A jeep, Tooth. That is what you need. You can take the top down, take the doors off and it is the next best thing (did you guys noticed that I said next best thing?) to riding a bike and you still have the seats to strap in the wife and baby. A long ride is very nice.


----------



## ffemt128 (Mar 30, 2010)

I'ved been itching to get the bike out again. Had it out 4-5 times since January 1, it was kind of cool to ride knowing it was 55 degrees and there was still snow on the ground. I think Wed and Thrusday it will be going to work for the first time in 2010. Friday I work from home so a long afternoon ride may be in order. Yeah Baby........


----------



## Julie (Mar 30, 2010)

ffemt128 said:


> I'ved been itching to get the bike out again. Had it out 4-5 times since January 1, it was kind of cool to ride knowing it was 55 degrees and there was still snow on the ground.
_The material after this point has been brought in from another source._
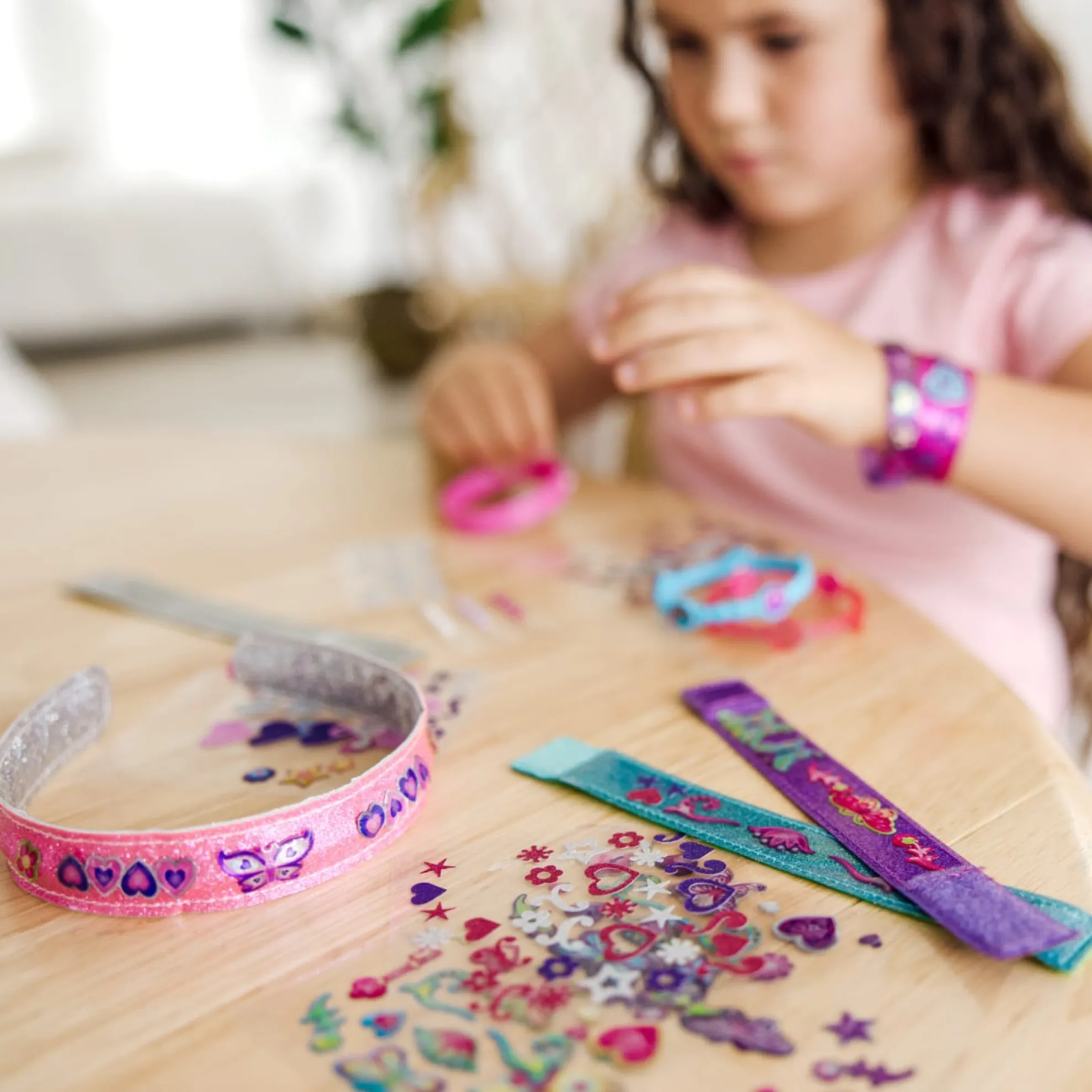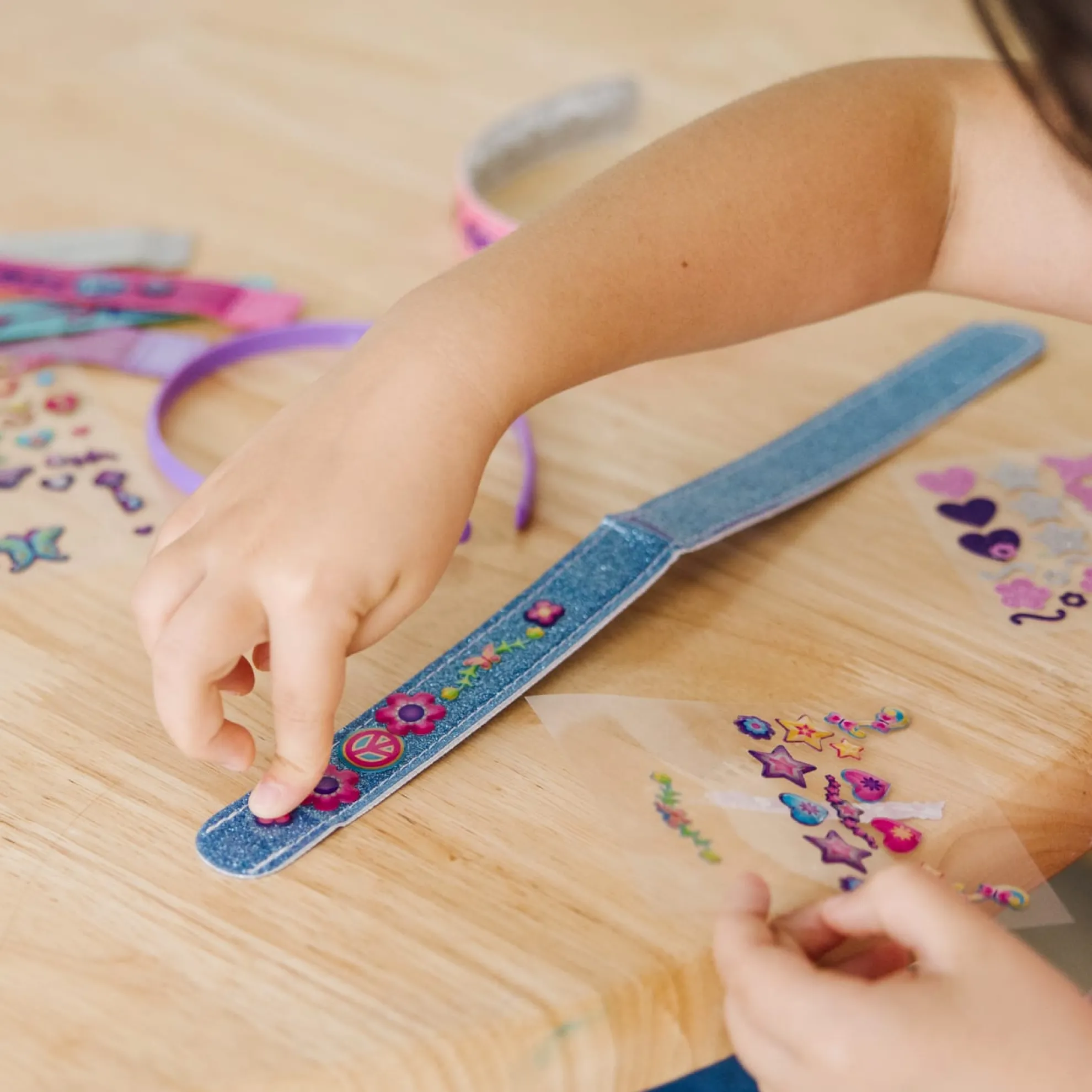 - Each kit contains sparkle-gem, glitter, and jewel peel-and-stick stickers to decorate the fashion accessories

I think Wed and Thrusday it will be going to work for the first time in 2010. Friday I work from home so a long afternoon ride may be in order. Yeah Baby........



OMG., a couple of weeks ago, Mike had to take the roof off of the jeep because he was "itching."


----------



## Midwest Vintner (Mar 30, 2010)

Julie said:


> OMG., a couple of weeks ago, Mike had to take the roof off of the jeep because he was "itching."



he might want to get that checked out. lol


----------



## ffemt128 (Mar 31, 2010)

Had everything set to bring the bike in this morning then saw frost on the widshield of my neighbors car. Checked the temp, it was 30 on our thermometer, decided against it for today. I'll take the bike to the school board meeting tonight and work tomorrow.


----------



## TheTooth (Mar 31, 2010)

Julie said:


> A jeep, Tooth. That is what you need. You can take the top down, take the doors off and it is the next best thing (did you guys noticed that I said next best thing?) to riding a bike and you still have the seats to strap in the wife and baby. A long ride is very nice.



True. I have a convertible now (M Roadster), but with 2 seats, it'll be tough to take both the wife and kid anywhere at the same time. 

A Jeep has always sounded good... but I'm saving up for a '62-'64 Lincoln Continental convertible right now. Maybe a Jeep comes after that.


----------